Thorsby Hotel and Bar celebrates 90 years

MLA discovers set of 1965 plates for his wife’s Corvair

One of the great things about being an MLA is getting to meet and eventually serve your constituents.

Over the past three weeks I have had so many opportunities to celebrate special events with constituents.

The Calmar parade and the gigantic flea market down main street has become one of the things I most enjoy attending. Many of you have seen the little red 1965 Corvair my wife drives in all of the parades across the constituency. So it was a lot of fun to discover in the antique store in Calmar an old set of 1965 Alberta license plates that are even red and white that can now adorn my parade car.

There are not many businesses in this constituency that can claim to have been in business for 90 years. So it was an amazing night spent celebrating the 90th anniversary of the Thorsby Hotel and Bar. There was great music, lots of people and it was so interesting to see some of the old pictures of the hotel over the years, especially the picture of the Thorsby Men’s baseball team taken in the hotel.

Just the other day I went down to where the oil spill south of Drayton Valley occurred. No one wants to see an oil spill, especially one that affects a creek that feeds the North Saskatchewan River but I was so proud of the clean-up effort I saw going on. The scope of the effort taken to clean up what in comparison to some of the spills we have read about is a relatively small spill was impressive. The booms, skimmers and clean-up crews, the vac trucks and oversight by the AER all of these people and agencies were working together and getting the job done. It made me proud to be part of the best, most environmentally responsible oil industry anywhere in the world. Good job guys!

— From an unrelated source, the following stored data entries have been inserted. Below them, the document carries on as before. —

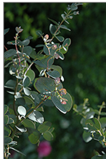
Silver Drop Cider Gum foliage

Silver Drop Cider Gum will grow to be about 3 feet tall at maturity, with a spread of 3 feet. It has a low canopy with a typical clearance of 1 foot from the ground. It grows at a fast rate, and under ideal conditions can be expected to live for 40 years or more.
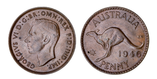
1834* George VI, 1946. Brown, good extremely fine.
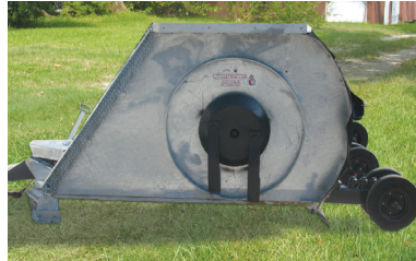
Smooth underdecks make for more efficient mowing and less area for rust to begin. Deck rings are standard.
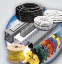
Terminal Blocks and Wiring
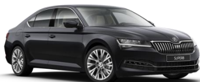
Crystal Black^ (6J6J – Exclusive)

I also had the pleasure this past week of attending the media event for EAVOR an Alberta energy company drilling a deep well geo-thermal pilot project near Rocky Mountain House. Several hundred attendees saw two rigs two and a half kilometers apart drill two wells 2.5 kilometres deep and then drill laterally and connect the two bore holes together to create a continuous loop that will collect the heat of the earth. I don’t believe that the expertise and technology exists anywhere else in the world to do this and should the technology prove successful then the first commercial geo-thermal electrical project is slated to begin sometime in the next year in Drayton Valley.

We live in an amazing province and this constituency has so much going for it and it is a privilege to represent you inside and outside of the Legislature.

Mark Smith is MLA for the Drayton-Devon constituency and writes a regular column for The Wetaskiwin Pipestone Flyer.